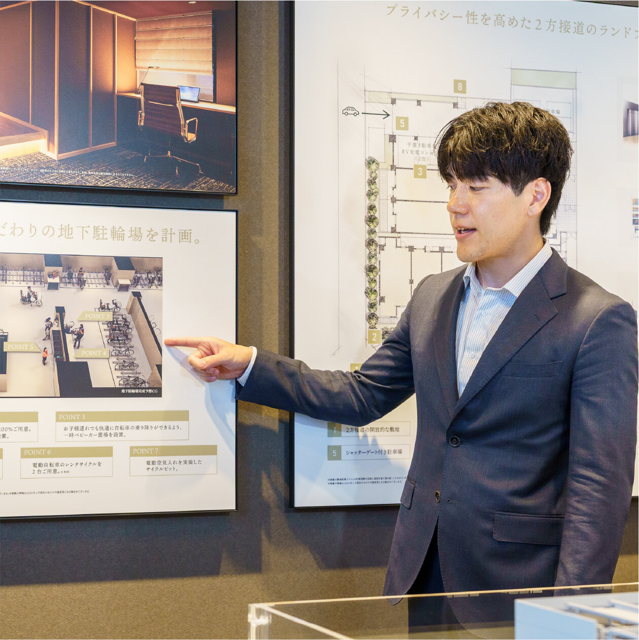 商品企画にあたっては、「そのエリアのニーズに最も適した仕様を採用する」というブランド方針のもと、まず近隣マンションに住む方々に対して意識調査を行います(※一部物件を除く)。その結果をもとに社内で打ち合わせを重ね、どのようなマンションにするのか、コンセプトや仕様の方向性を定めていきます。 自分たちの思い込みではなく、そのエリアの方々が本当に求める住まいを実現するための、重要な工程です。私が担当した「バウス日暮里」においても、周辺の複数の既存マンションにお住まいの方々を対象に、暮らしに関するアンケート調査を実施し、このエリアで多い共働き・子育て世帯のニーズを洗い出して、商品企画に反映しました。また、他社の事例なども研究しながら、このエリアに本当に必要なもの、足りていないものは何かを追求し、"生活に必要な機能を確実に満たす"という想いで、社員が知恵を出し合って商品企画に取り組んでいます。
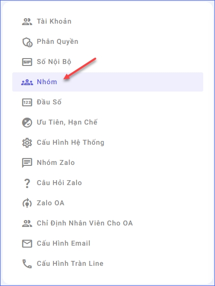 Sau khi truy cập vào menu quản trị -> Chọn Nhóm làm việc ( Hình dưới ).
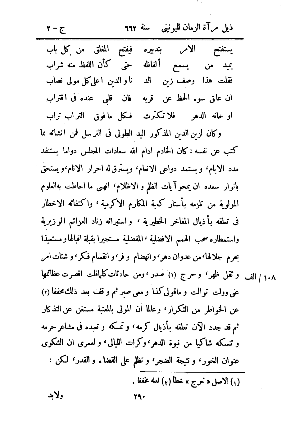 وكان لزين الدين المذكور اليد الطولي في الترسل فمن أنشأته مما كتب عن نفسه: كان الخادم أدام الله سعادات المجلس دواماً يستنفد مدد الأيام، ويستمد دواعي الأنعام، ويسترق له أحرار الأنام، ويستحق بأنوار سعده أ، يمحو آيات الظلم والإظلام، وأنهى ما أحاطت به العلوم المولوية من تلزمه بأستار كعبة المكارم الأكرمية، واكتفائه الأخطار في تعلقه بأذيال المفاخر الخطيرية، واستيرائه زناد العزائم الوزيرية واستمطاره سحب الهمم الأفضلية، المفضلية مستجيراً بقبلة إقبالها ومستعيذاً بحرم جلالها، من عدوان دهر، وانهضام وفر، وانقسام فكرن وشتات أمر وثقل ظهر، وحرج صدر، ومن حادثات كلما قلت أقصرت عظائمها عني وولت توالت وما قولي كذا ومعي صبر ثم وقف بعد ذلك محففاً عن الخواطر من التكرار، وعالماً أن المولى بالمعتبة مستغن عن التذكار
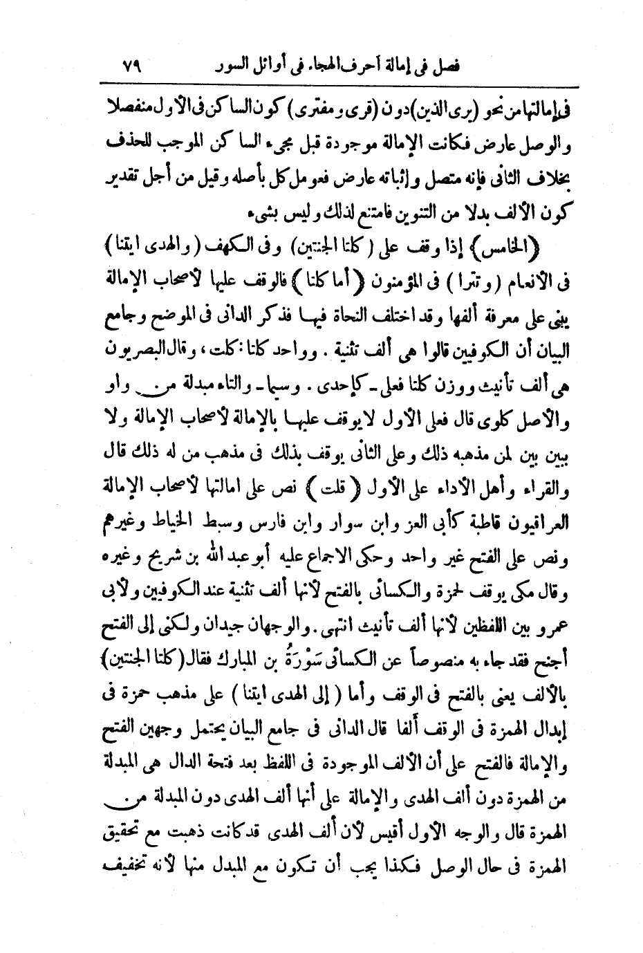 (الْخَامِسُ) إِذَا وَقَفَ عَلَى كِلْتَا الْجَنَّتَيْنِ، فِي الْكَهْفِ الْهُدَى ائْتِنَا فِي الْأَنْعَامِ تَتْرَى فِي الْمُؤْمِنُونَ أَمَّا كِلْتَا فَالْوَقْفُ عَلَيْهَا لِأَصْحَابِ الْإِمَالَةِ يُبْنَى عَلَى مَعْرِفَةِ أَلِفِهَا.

==========

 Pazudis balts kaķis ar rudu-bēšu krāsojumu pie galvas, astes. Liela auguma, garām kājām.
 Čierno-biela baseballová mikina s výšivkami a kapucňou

==========

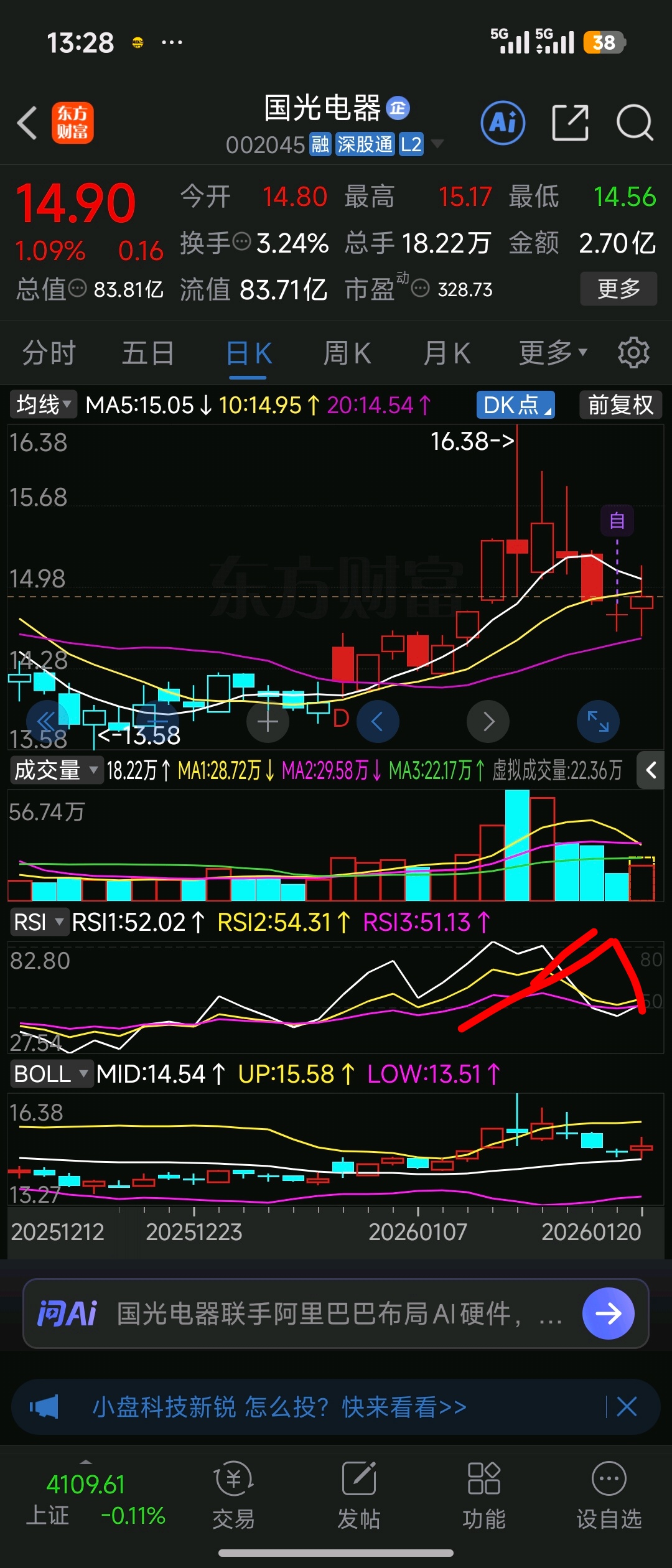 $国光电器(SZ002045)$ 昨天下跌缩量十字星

==========

EXERCISE: Using the records above, repeat exactly the run of lines that starts with the line with "商品企画にあたっては、「その" and goes on through the line with "Sau khi truy"; omit each picture.

EXPECTED ANSWER:
 商品企画にあたっては、「そのエリアのニーズに最も適した仕様を採用する」というブランド方針のもと、まず近隣マンションに住む方々に対して意識調査を行います(※一部物件を除く)。その結果をもとに社内で打ち合わせを重ね、どのようなマンションにするのか、コンセプトや仕様の方向性を定めていきます。 自分たちの思い込みではなく、そのエリアの方々が本当に求める住まいを実現するための、重要な工程です。私が担当した「バウス日暮里」においても、周辺の複数の既存マンションにお住まいの方々を対象に、暮らしに関するアンケート調査を実施し、このエリアで多い共働き・子育て世帯のニーズを洗い出して、商品企画に反映しました。また、他社の事例なども研究しながら、このエリアに本当に必要なもの、足りていないものは何かを追求し、"生活に必要な機能を確実に満たす"という想いで、社員が知恵を出し合って商品企画に取り組んでいます。
 Sau khi truy cập vào menu quản trị -> Chọn Nhóm làm việc ( Hình dưới ).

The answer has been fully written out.